The factorial macro is one I copied from somewhere awhile back before I really knew how it worked. [d 1 - d 1 1<F *]sF We take the top item on the stack and duplicate it (with d). Then we subtract one from that, and duplicate that. Then we push 1 onto the stack and if 1 is less than the item before on the stack, we call macro F… and then we multiply the top two items on the stack. This macro is stored in register F.

Thats a lot to take in in one go. Lets do 3!:

  1. So, the stack looks like 3
  2. Then we duplicate it… 3 3
  3. Push 1 on the stack 3 3 1
  4. Subtract top from the next and push that result back on the stack 4 3
  5. Duplicate the top item 3 2 2
  6. Push 1 on the stack 3 2 2 1
  7. Pop top 2, if top is less than the next (1 < 2?), call F. Stack is 3 2
  8. At this point we’re looping back to instruction 1… but the stack is 3 2
  9. Duplicate the top item 3 2 2
  10. Push 1, subtract it, 3 2 1
  11. Push 1, test if 1 < 1? No? Ok…
  12. Stack at this point is 3 2 1 – multiply top two items: 2 1 * and push that back on the stack.
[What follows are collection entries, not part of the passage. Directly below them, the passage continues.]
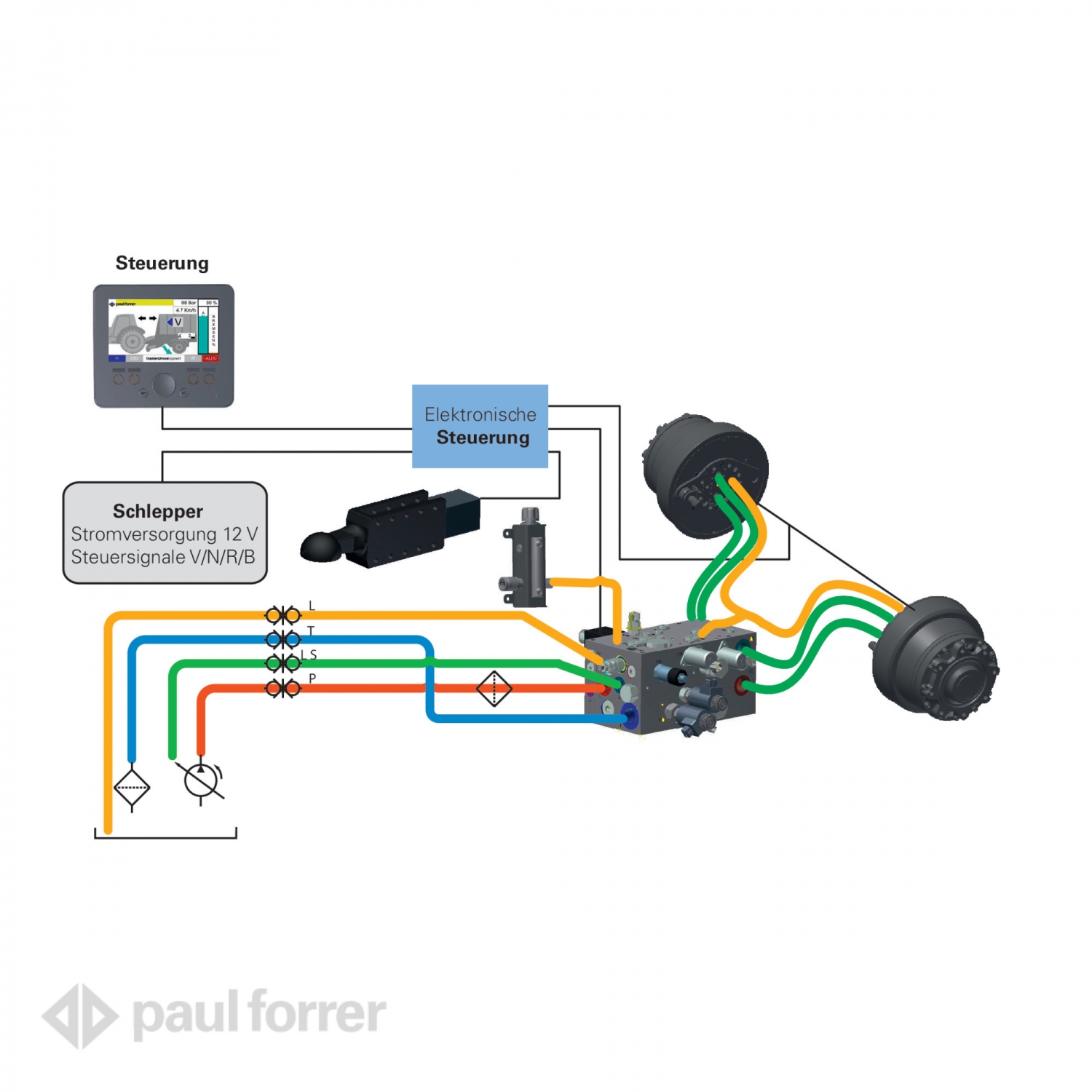 vollautomatische Regelung über Deichselsensor und Neigungssensor
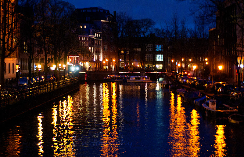 This is one of Amsterdam's canals at night, as we were walking through the 'De Negen Straatjes' (9 streets) area. It was lovely round there - lots of nice cafes and boutiques. I didn't have a tripod with me, so I just had to hope for the best with this shot - it's not as crisp as it would be with a tripod, but not too bad. I love the coloured reflections of the lights on the water.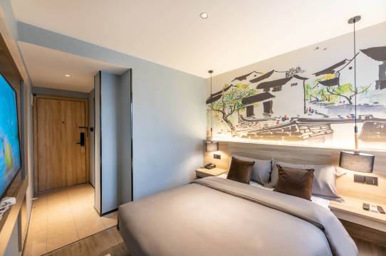 酒店以灰色原木系北欧风格调,以经济舒适面向广大消费者,为消费者提供“简单时尚,低碳环保,致力追求简单,自由,快乐的人们提供温馨的生活环境。客房布置宽敞舒适,通风采光;并设有多种房型可供您选择,客房24小时热水、智能网络电视、3D影视房,大厅有休闲吧,柜架上有古代史,职场心理学,幽默沟通学,思维导图等书籍,让您拥有一个干净、温馨、愉悦的住宿环境,享受一段自在舒适的旅程。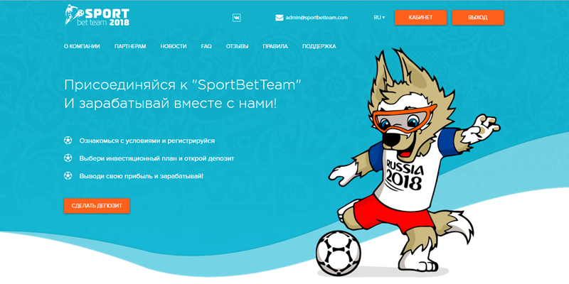 от KaccupMoney Инвестиционная компания Sport Bet Team Компания «SportBetTeam» осуществляет свою деятельность в сфере Доверительного управления в букмекерских конторах. Мы работаем для каждого, кто мечтает зарабатывать, но не разбирается во всех тонкостях букмекерского бизнеса. Компания «SportBetTeam» предоставляет услуги по доверительному управлению инвестициями клиентов в букмекерских конторах. Вы инвестируете, мы делаем ставки и выигрываем, вы – зарабатываете! Все просто! Нашим основным преимуществом является то, что мы работаем с собственными компьютерными программами. Три года назад наша опытная команда программистов создала уникальную систему, благодаря которой мы успешно делаем ставки. Эти программы автоматически анализируют и сравнивают события в сотнях букмекерских конторах. Кроме того, в дополнение к этому, в нашей команде задействованы профессиональные каперы – люди, занимающиеся аналитической деятельностью, делая ставки на спортивные события. Такое беспроигрышное объединение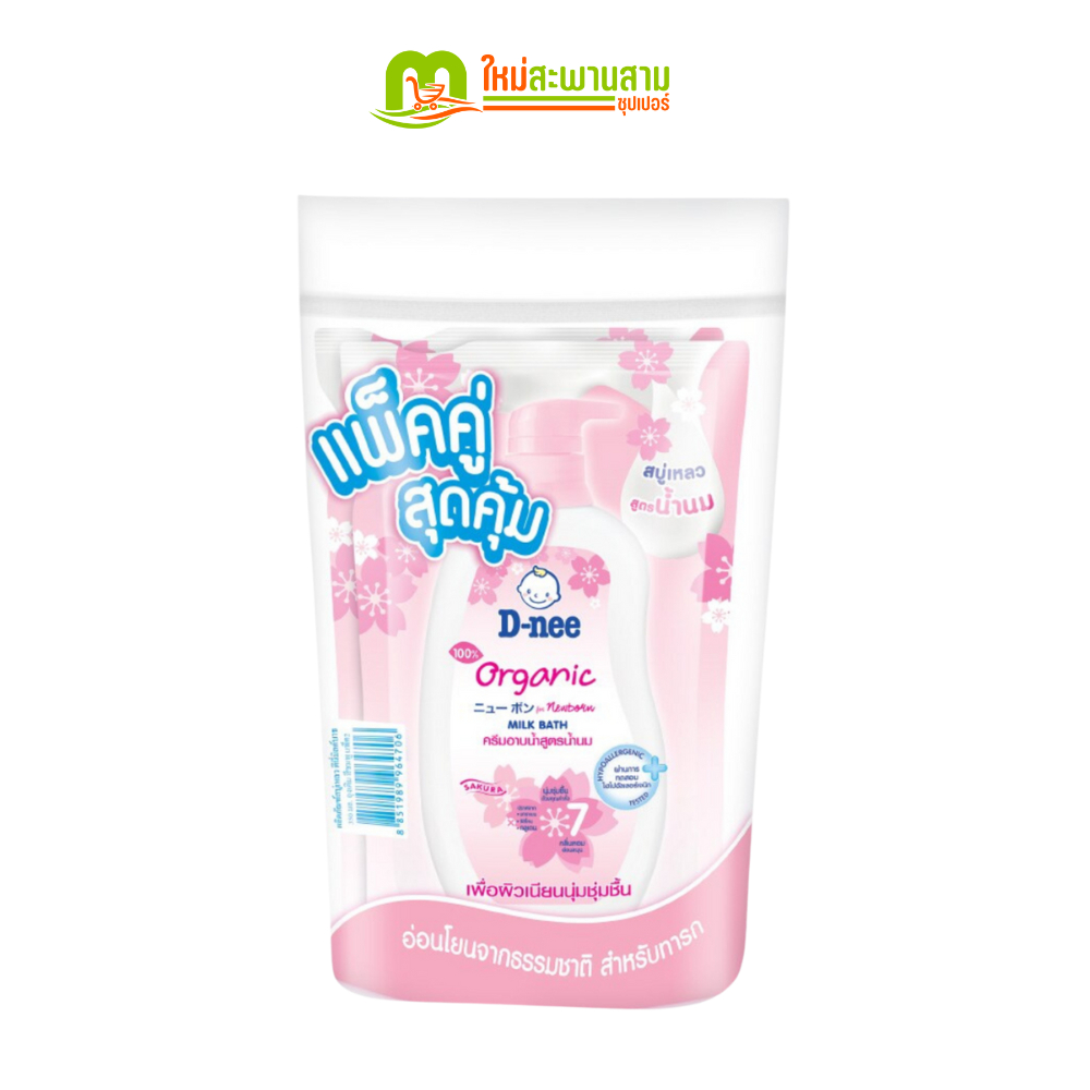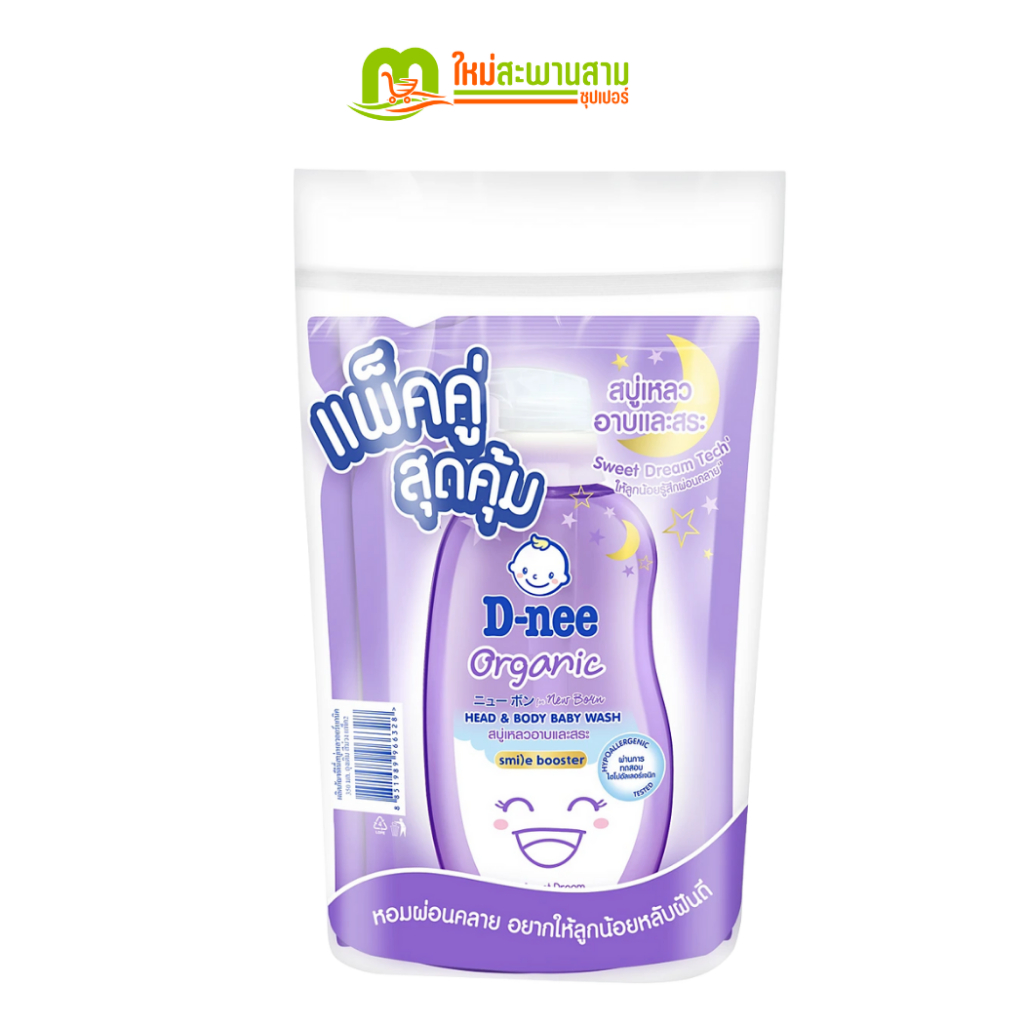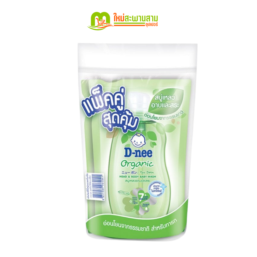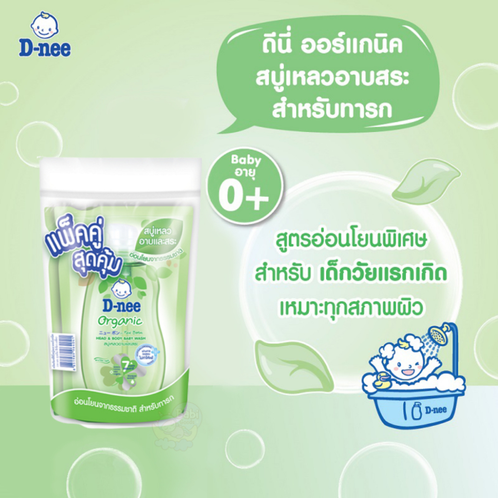 [แพ็คคู่] ดีนี่ D-nee สูตรอ่อนโยน Organic สบู่เหลวเด็กอาบและสระ ถุงเติม ขนาด 350x2 มล.

Stack is 3 2
  13. Now, the multiply that was ‘left hanging’ from step 7 above, is called and 3 2 * pushes 6 on the stack

And there you have it… stack based factorial.

Now for the fun one.

The short form of this is “if the number modulo 10 is 0, increment a (that first macro), divide the number by 10, and do it again”

This is done with duplicate the number on the stack. 10 % takes the top number and does a modulo 10, and then duplicates *that* value (we need to do two tests against this value – each test consumes it once). If you started with 120, you’ve got 120 0 0 at this point. Push another 0 on there, and if they are the same call that increment macro.

Swap the two numbers… so 120 0 becomes 0 120. The code can really only work with the top number on the stack. Then divide it by 10 and we’ve got 0 12 and swap the two back giving 12 0. Then do another test for 0 and call the l macro, which this is what it is… this time with only 12 on the stack.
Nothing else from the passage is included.